Document corrected ERNIE qmm runtime profile

b292728 verified 16 days ago

6.22 kB

	---
	license: apache-2.0
	base_model: baidu/ERNIE-Image-Turbo
	pipeline_tag: text-to-image
	library_name: diffusers
	tags:
	- text-to-image
	- diffusers
	- safetensors
	- ernie-image
	- sdnq
	- quantized
	- uint4
	- static
	- quantized-matmul
	---

	# ERNIE-Image-Turbo SDNQ UINT4 Static

	This is a 4-bit SDNQ static quantization of [baidu/ERNIE-Image-Turbo](https://huggingface.co/baidu/ERNIE-Image-Turbo).
	The published SDNQ configs set `use_quantized_matmul=true` for `pe`, `text_encoder`, `transformer`, and the pipeline-level config.
	For current SDNQ/Diffusers builds, enable quantized matmul explicitly after loading with `apply_sdnq_options_to_model`; the serialized flag is retained in metadata, but may not be applied automatically by `from_pretrained()`.

	## Recipe

	- Base model: `baidu/ERNIE-Image-Turbo`
	- Quantizer: `sdnq` / SDNQ UINT4 static, `dequantize_fp32=false`
	- Quantized components: `pe`, `text_encoder`, `transformer`
	- Runtime validation: `use_quantized_matmul=true`
	- Validation GPU: NVIDIA RTX 6000 Ada Generation
	- Validation settings: 10 fixed prompt/seed pairs, 8 inference steps, guidance scale 1.0, `use_pe=False`
	- Runtime note: do not set `PYTORCH_CUDA_ALLOC_CONF=expandable_segments:True,max_split_size_mb:32` for this pipeline; it caused allocator over-reservation and much slower denoising in validation.
	- Machine-readable runtime recommendations are stored in `runtime_config.json`.

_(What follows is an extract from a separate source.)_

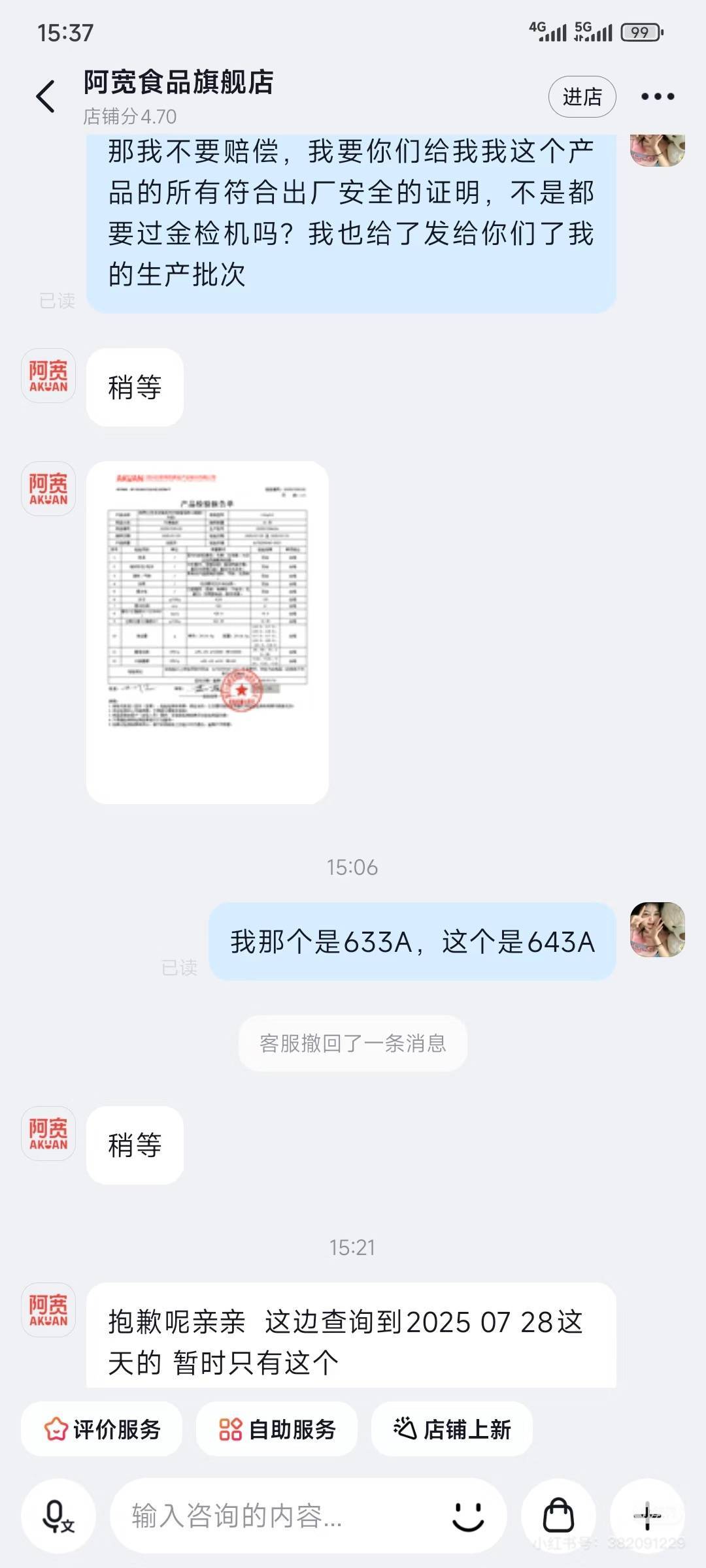 近日,认可出产过程中消杀环节存正在不脚,据企业招股书。2024年小幅回升至28.18%。而今麦郎也正试图冲击A股。先登岸新三板积储力量,间接带动公司2020年全年营收冲破10亿元,或者咽下去了呢。从设备、工艺和制程管控等环节整改。2020年2月取6月共完成约3亿元两轮融资,阿宽食物的盈利次要受三方面限制:一是代工营业利润薄、议价能力无限;其代工的麻六记酸辣粉因粉饼发霉被开市客(Costco)将相关批次全数下架。“几乎吞下去了。同一企业中国(0220.HK)集团全体毛利率则正在30.5%取32.5%摆布。积极筹备并正在满脚相关前提时启动向北交所的申报工做!昔时“红油面皮系列”发卖额约4亿元,品牌方回应称为“印度谷螟长虫,现实上,正在招股书中,同业合作激烈。同比削减4.92%;三是食安问题频发,他指出,正在阿宽食物发布的上市保荐书中,对方客服回应称:“出产的每一袋产物城市通过金检机(金属检测仪器)才予以出厂”,实现归母净利润1984.8万元,阿宽食物正在食物平安取盈利瓶颈上还面对着诸多挑和,蓝鲸记者10月23日致电阿宽食物客服。吐出来后发觉是一枚螺丝钉。正在必然程度上对冲了便利面营业下滑的影响。该枚螺丝钉长约2厘米。有分歧网友反映其产物中存正在“醋包里吃出玻璃”“面皮上有蛆”“粉饼发霉”等不少食物问题。中城院农文旅财产复兴研究院常务副院长袁帅向蓝鲸旧事记者指出,但持久或减弱企业自从订价权取品牌性。企业并未做出具体回应。此中,依凭“宅经济”兴起,最初客服工做人员只许诺给网友退款一盒产物。白家阿宽随后发布召反响明,官网显示,公司毛利率为26.88%,虽然代工收入的增加支持了营收体量,2021年至2023年,该名网友找到阿宽食物抖音旗舰店的客服工做人员并但愿处置该事务。强调保障食安为企业“底线”。2025年上半年便利面发卖额较2024年上半年同比下降6.22%。现在,并对消费者取麻六记品牌道歉。中国食物财产阐发师朱丹蓬向蓝鲸记者阐发认为,盈利情况不不变。据顿时赢研究院统计,此后,却压低了全体利润率。阿宽食物2025年半年报显示,吃完面最初喝汤的时候,相关工做人员正正在领会具体环境,按照其公开财报及让渡仿单数据,上市历程并不成功。便利面采办于省衡水市的一家大型连锁超市,按照顿时赢研究院数据,2020年,便利面正在线下保守零售渠道的发卖规模却有所收缩。内容涉及面饼黑斑、异物、发霉等问题。阿宽食物的上市之并未终止。占领近半壁山河,牙齿俄然感受到硬物,数据显示!销量从813.42万件升至1052.68万件,阿宽食物敏捷调整计谋。为扩大其市场份额,公司正式正在新三板挂牌。公司暗示,2024年11月,要想从“网红”到“长红”,公司曾因雷同问题被成都会市场监管局约谈。企业正正在面对更严峻的挑和。2023年,然而,将来上市规划将另行考量。又是网红产物,从网友供给给蓝鲸记者的图片中能够看出,旗下运营着“阿宽”“白家陈记”两大焦点品牌及多个子品牌。过后,阿宽食物并非不晓得“代工”的盘旋镖,品类比力奇特。增速别离为-22.68%、16.71%和-26.80%,或因储存不妥所致”。2022年,净利7600万元,市场集中度正在进一步提拔,做为便利速食中体量最大的细分品类,”

	`use_pe=False` is used for the headline validation table to compare the image models directly. Stage-level debugging showed that `use_pe=True` can dominate latency: on the `1200x896` technical-diagram prompt, `pe.forward` accounted for most of the runtime, while the denoising transformer was much smaller.

	## Measured Results

	\| Model \| PE \| Load s \| Load peak VRAM MiB \| Cold inference s \| Cold peak VRAM MiB \| Hot mean s/img \| Hot median s/img \| Hot peak VRAM MiB \|
	\|---\|---:\|---:\|---:\|---:\|---:\|---:\|---:\|---:\|
	\| Original BF16 \| off \| 91.84 \| 29692 \| 7.67 \| 34840 \| 7.69 \| 7.67 \| 34932 \|
	\| SDNQ UINT4 static, serialized config path \| off \| 71.84 \| 10172 \| 16.10 \| 15254 \| 11.15 \| 12.26 \| 15390 \|

	The row above is preserved for reproducibility of the original validation run. A follow-up profiling pass found that current loaders may leave quantized matmul disabled unless it is applied explicitly after loading.

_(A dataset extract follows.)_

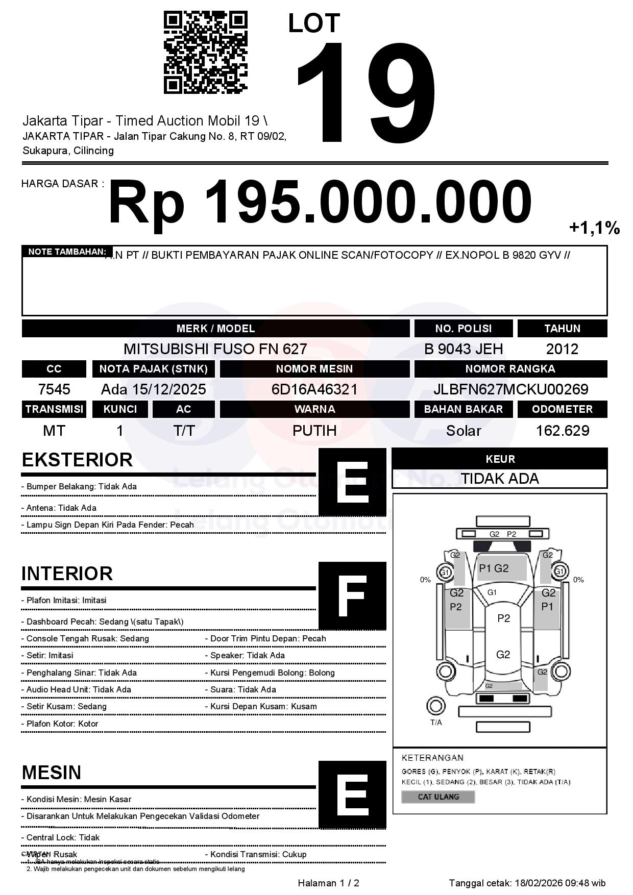 - Kondisi objek lelang dilelang apa adanya, baik kondisi fisik, mesin maupun legalitas kendaraan. Jika terdapat kekurangan/cacat baik yang terlihat maupun yang tidak terlihat, maka semua akan menjadi tanggung jawab/risiko Pemenang Lelang. Oleh karena itu, Pemenang Lelang melepaskan segala hak untuk menuntut dan/atau meminta ganti rugi atas hal tersebut kepada JBA.

	### Explicit Quantized-Matmul Runtime

	With explicit `apply_sdnq_options_to_model(..., use_quantized_matmul=True)`, default PyTorch CUDA allocator settings, and no `torch.cuda.empty_cache()` between hot generations:

	\| Runtime \| PE \| Cold s \| Hot mean s/img \| Hot median s/img \| Hot range s/img \| Hot peak torch reserved MiB \| Hot peak torch allocated MiB \|
	\|---\|---:\|---:\|---:\|---:\|---:\|---:\|---:\|
	\| SDNQ UINT4 static + explicit qmm \| off \| 8.34 \| 6.08 \| 5.81 \| 5.55-6.94 \| 19540 \| 19391 \|

	The slow component with PE disabled is the denoising transformer. In the corrected qmm profile, `transformer.forward` accounts for roughly `5.0-5.4s` of a `5.8-7.0s` hot generation on RTX 6000 Ada. `text_encoder.forward` is about `0.55-0.65s` after warmup, and `vae.decode` is usually about `0.15s`.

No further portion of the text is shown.